Oil/Energy/Solar/Greentech
Authentication bypass vulnerabilities in ABB gateways threaten energy infrastructure operations, enabling unauthorized control and potential service disruption attacks.
Utilities
Critical manufacturing sector gateways vulnerable to remote exploitation allowing attackers to disrupt utility operations and access sensitive system configurations.
Manufacturing
Missing authentication controls in ABB industrial gateways expose manufacturing processes to unauthorized access, system manipulation, and operational technology compromise.
Sources
- ABB AWIN Gatewayshttps://www.cisa.gov/news-events/ics-advisories/icsa-26-120-05Verified
- ABB Cyber Security Advisory 4JNO000329https://psirt.abb.com/csaf/2026/4jno000329.jsonVerified
- NVD - CVE-2025-13777https://nvd.nist.gov/vuln/detail/CVE-2025-13777Verified
- NVD - CVE-2025-13778https://nvd.nist.gov/vuln/detail/CVE-2025-13778Verified
- NVD - CVE-2025-13779https://nvd.nist.gov/vuln/detail/CVE-2025-13779Verified
Frequently Asked Questions
Cloud Native Security Fabric Mitigations and ControlsCNSF
Aviatrix Zero Trust CNSF is pertinent to this incident as it would likely limit the attacker's ability to move laterally, escalate privileges, and exfiltrate data by enforcing strict segmentation and identity-aware controls.
Control: Cloud Native Security Fabric (CNSF)
Mitigation: While Aviatrix CNSF may not prevent the initial exploitation of authentication vulnerabilities, it would likely limit the attacker's ability to leverage this access to further compromise the network.

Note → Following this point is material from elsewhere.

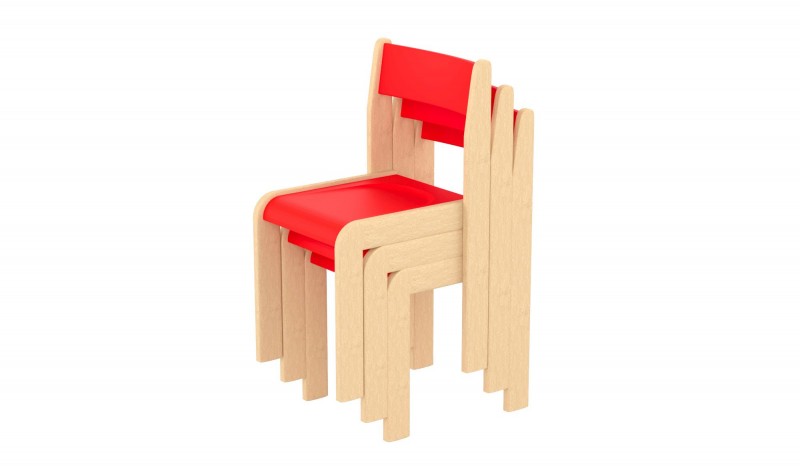 Mélyített ülése és íves háttámlája biztosítja a gyermekek helyes testtartását, egészséges fejlődését. Az ülés és háttámla rétegelt lemezből, a szék szerkezete bükkfából készül, vízbázisú környezet és gyermekbarát lakkal kezelve.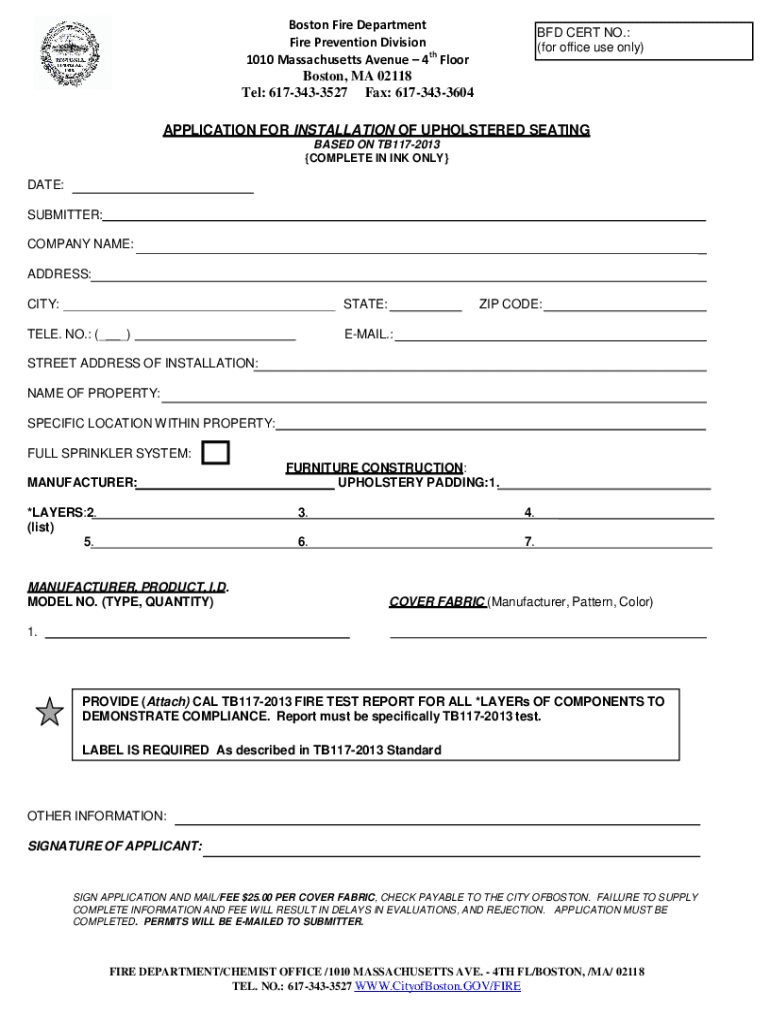 Get the free application for installation of upholstered seating - Boston.gov

Control: Zero Trust Segmentation
Mitigation: Aviatrix Zero Trust Segmentation would likely limit the attacker's ability to escalate privileges by enforcing strict access controls and segmenting critical functions.
Control: East-West Traffic Security
Mitigation: Aviatrix East-West Traffic Security would likely constrain the attacker's lateral movement by monitoring and controlling internal traffic flows.
Control: Multicloud Visibility & Control
Mitigation: Aviatrix Multicloud Visibility & Control would likely limit the attacker's ability to establish and maintain command and control channels by providing comprehensive monitoring and control over network traffic.
Control: Egress Security & Policy Enforcement
Mitigation: Aviatrix Egress Security & Policy Enforcement would likely limit the attacker's ability to exfiltrate sensitive data by controlling and monitoring outbound traffic.
While Aviatrix CNSF may not prevent the initial compromise, it would likely limit the attacker's ability to disrupt operations by restricting unauthorized access to critical functions.
Impact at a Glance
Affected Business Functions
- Industrial Control Systems Operations
- Remote Monitoring
- System Configuration Management
Estimated downtime: 2 days
Estimated loss: $50,000
System configuration details, including sensitive information.
Recommended Actions
Key Takeaways & Next Steps
- • Implement Zero Trust Segmentation to restrict access to critical functions and prevent unauthorized lateral movement.
- • Deploy East-West Traffic Security controls to monitor and control internal network communications, detecting and preventing lateral movement.
- • Utilize Egress Security & Policy Enforcement to control outbound traffic, preventing unauthorized data exfiltration.
- • Apply Multicloud Visibility & Control to gain comprehensive visibility into network traffic and detect anomalous behaviors.
- • Regularly update and patch systems to address known vulnerabilities and reduce the attack surface.